Trumpism is actively trying to destroy these things. Trump and Stephen Miller want to close our doors to the multitudes, reversing what is arguably the central trait that has given our nation its rich flavor and character. And, of course, they have contempt for our democracy and in these past 12 months have set about to weaken and cripple it in any number of ways.
And now Trump says, as he told The New York Times last week, that the only bar on what he might decide to do on the world stage is “my own morality.” Against extremely heavy competition, that may be the single most chilling and terrifying thing he’s ever said. He clearly said it to troll us, and to troll the world. Because he knows that we know that he has no morality in any normal sense. He’s quite proud of the fact that he lacks a moral compass. So, when he is asked if there were any limits on his global powers, and he says, “Yeah, there is one thing. My own morality. My own mind. It’s the only thing that can stop me,” he is saying, and he knows that we know he is saying, that he will do what he wants when he wants.
Meanwhile, at home, he defended the execution of an American citizen, Renee Nicole Good, and then led the charge to defame her character, calling her a “professional agitator” before he knew anything about her.
The United States will never be Iran. We will never detain political prisoners on a mass scale or shoot protesters by the hundreds. I could be wrong. But I think we’ll never do these things because there are still enough people in positions of power who just wouldn’t order or sanction such things. Most federal judges wouldn’t let this happen on a mass scale the way it happens in a place like Iran, or in Syria under Assad.
However: If Trump could do it, he would. Remember in June 2020 how he wanted the military to shoot protesters “in the knees.” Then-Defense Secretary Mark Esper wouldn’t order his troops to do that. Today’s “War” Secretary? Well, Pete Hegseth was asked about this at his confirmation hearing, and he all but said that he would.
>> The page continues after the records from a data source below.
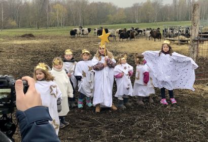 Diakon Merlin Langrehr fotografiert die Kinder aus der Engelbosteler Kita, die als Engel und Hirten die Weihnachtsgeschichte auf der Heidschnuckenweide von Christian Tegtmeyer nachstellen.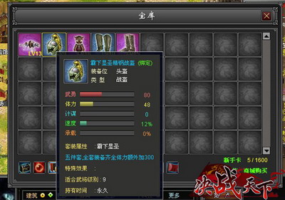 不过,正如“好马配好鞍”的说法一样,要让我们的武将成为高手中的高手,装备也是不可缺少的。各种装备不但要有,而且要好,套装的加成属性、不同属性所追求的不同效果,作为一国之君的你不了解,又怎么能要求你的武将做出傲人成绩呢?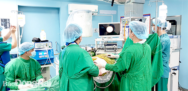 Bệnh nhân là anh L.Đ.B. (42 tuổi, TP.Biên Hòa). Anh B. là người có cơ địa dễ mắc bệnh sỏi với tiền sử 5 lần mổ tán sỏi thận/sỏi niệu quản trong vòng hơn 10 năm nay. Ngày 11-6, bệnh nhân nhập viện trong tình trạng đau ở vùng hông lưng hai bên. Qua thăm khám lâm sàng, chụp phim bụng, siêu âm, chụp MSCT bụng - tiểu khung, các bác sĩ xác định bệnh nhân có sỏi ở thận phải gây ứ nước độ 3 và sỏi niệu quản trái gây ứ nước độ 2, nguy cơ suy thận cấp rất cao nếu không được điều trị ngay. Bệnh nhân được bác sĩ cho nhập viện để tiến hành phẫu thuật.
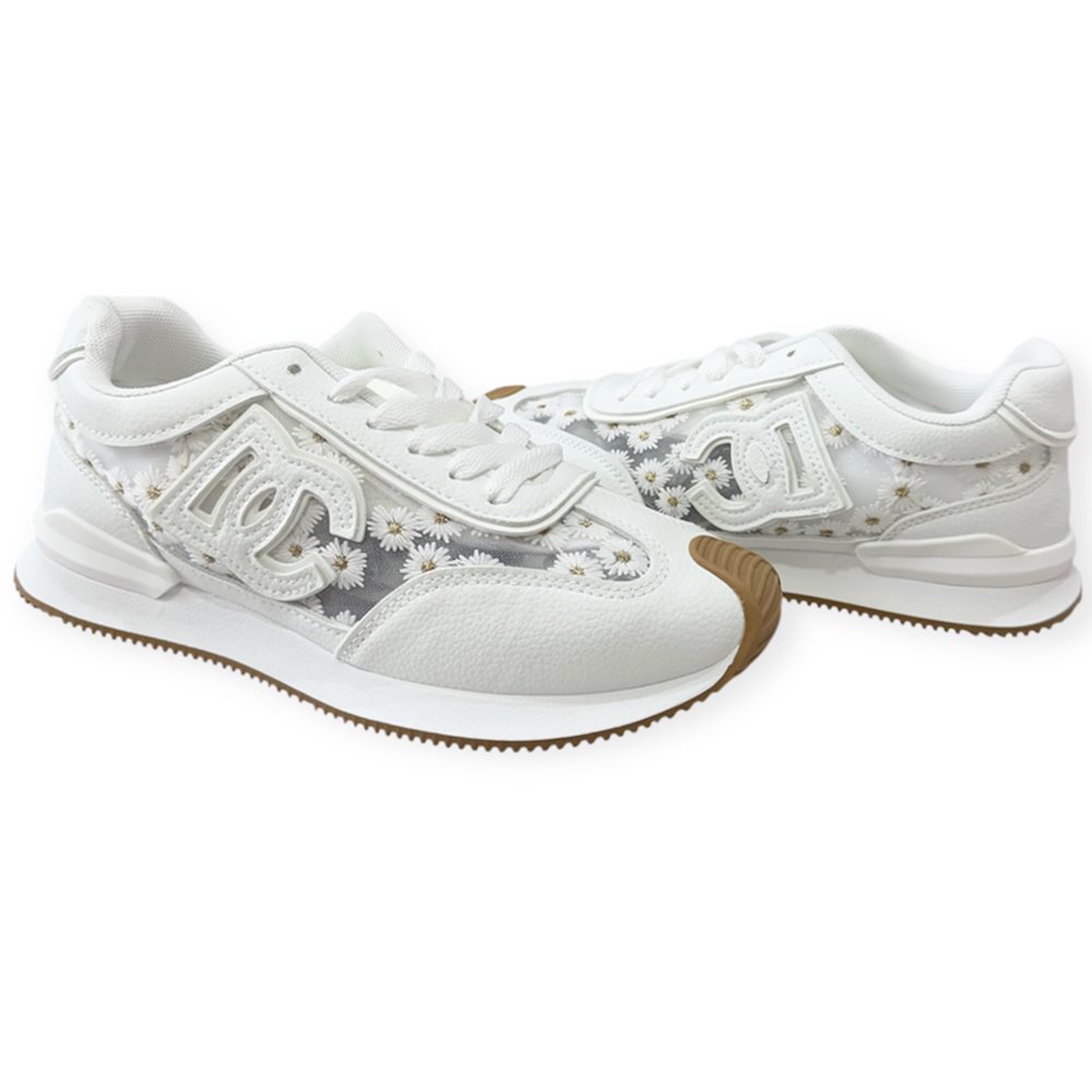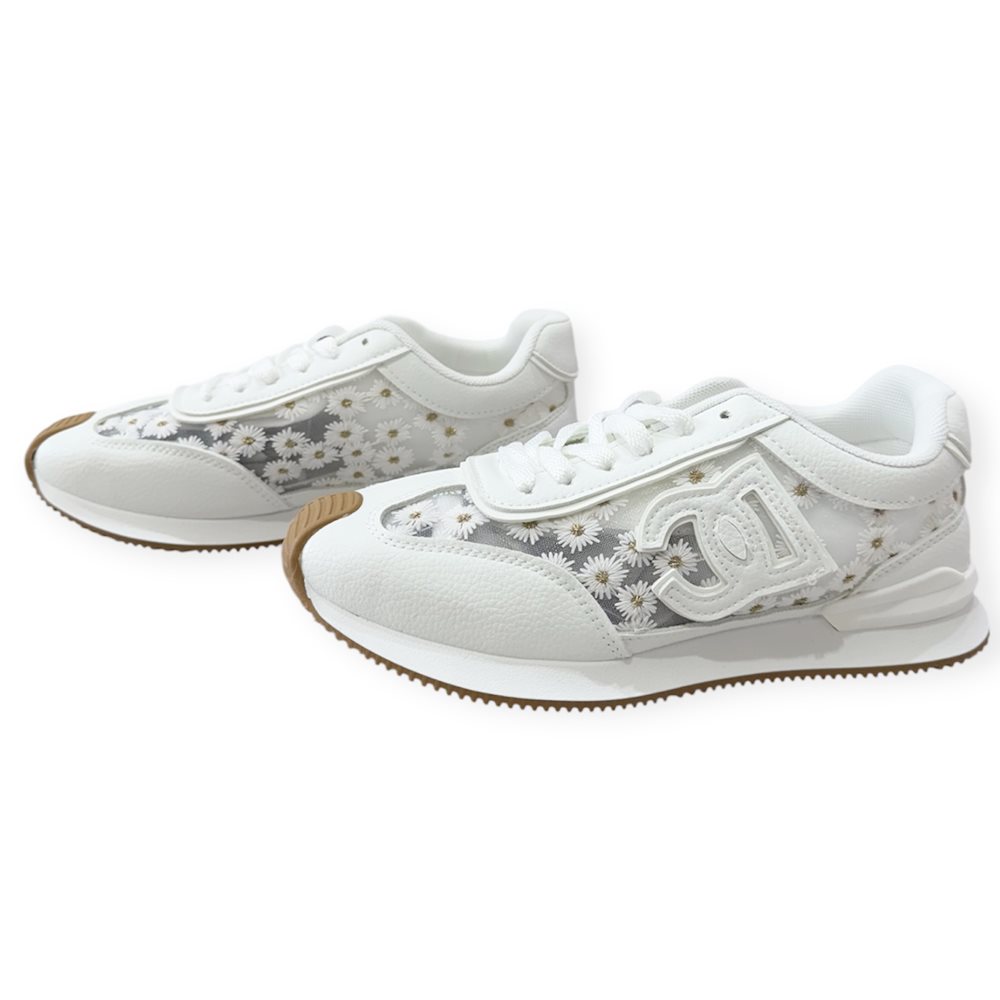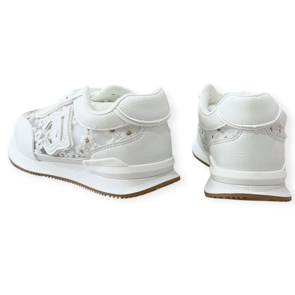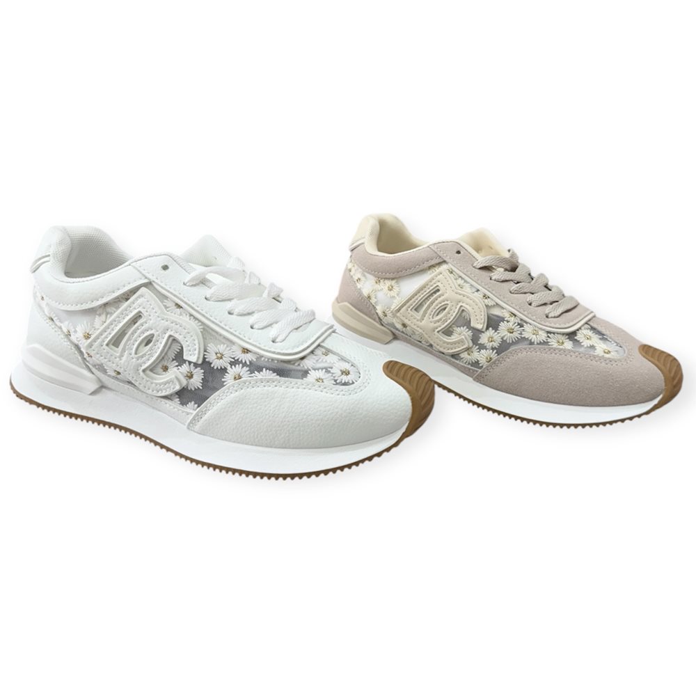 Divatos  sneaker/sportcipő virágos mintával,oldalán necc anyagból. Anyaga: szintetikus Származási hely: EU Szín: fehér,bézs . Talp magasság: 1,5 cm Sarok magasság: 2,5 cm Méret:  36- 23 cm 37- 23.5 cm 38- 24 cm 39- 24.5 cm 40- 25 cm 41-25.5 cm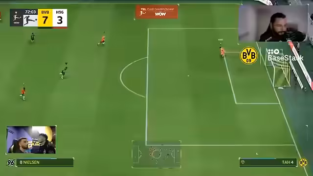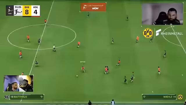 00:10:34Der Streamer begrüßt die Zuschauer zum VBL Nachholspieltag 8, BVB gegen Hannover 96. Er freut sich über die zahlreichen Zuschauer und erwähnt den gestrigen Sieg gegen den HSV. Das erste Matchup ist ein 2 gegen 2 mit Rohe und Ali gegen Jamal und Itzriyad von Hannover 96, gefolgt von De Nino gegen Jamal im Einzel. Der Streamer betont die Wichtigkeit des Spiels für die Tabelle und die Ausgangslage in der virtuellen Bundesliga. Erwähnt wird auch, dass Jamie Gittins live vor Ort war, um die E-Footballer zu unterstützen. Nach einigen Begrüßungen und Erwähnungen von Zuschauern beginnt die Partie. Rohe und Ali spielen in den E-Football-Trikots gegen Hannover 96. Es gibt erste Angriffe und Abseitsentscheidungen. Ein Freistoß von Rohe wird abgefälscht. Es folgen weitere Chancen und Balleroberungen. In der 15. Minute gehen Rohe und Ali mit 1:0 in Führung, aber Hannover gleicht durch einen direkten Freistoß aus und dreht das Spiel innerhalb von vier Minuten auf 1:2. Der BVB gleicht zum 2:2 aus, und Ali erzielt die 3:2 Führung. Kurz vor der Pause erhöht der BVB auf 4:2 durch ein Kopfballtor von Rohe nach Flanke von Ali. Hannover verkürzt in der letzten Minute der ersten Halbzeit auf 4:3. Die erste Halbzeit endet mit einem Stand von 4:3.

Trump’s “own morality” standard is one that should have us quaking. As I wrote last Friday, with ICE hiring gun and violence enthusiasts by the thousands, there will be more Renee Goods. And now, state and local Democrats, and even city police commissioners, are talk about taking tougher stands against these ICE raids by masked agents who are recruited to “defend your culture.”
Good for them. But Trump and Miller will use this to force more confrontations. As tensions rise, what will Trump’s “own morality” bar him from doing? Would he—and I ask this in all seriousness, alas—bomb an American city? I’m not talking Curtis LeMay and Tokyo here. Just a few bombs. To “send a message.” It’s entirely plausible. In fact, I’m not sure whether he’ll bomb Tehran or Minneapolis first.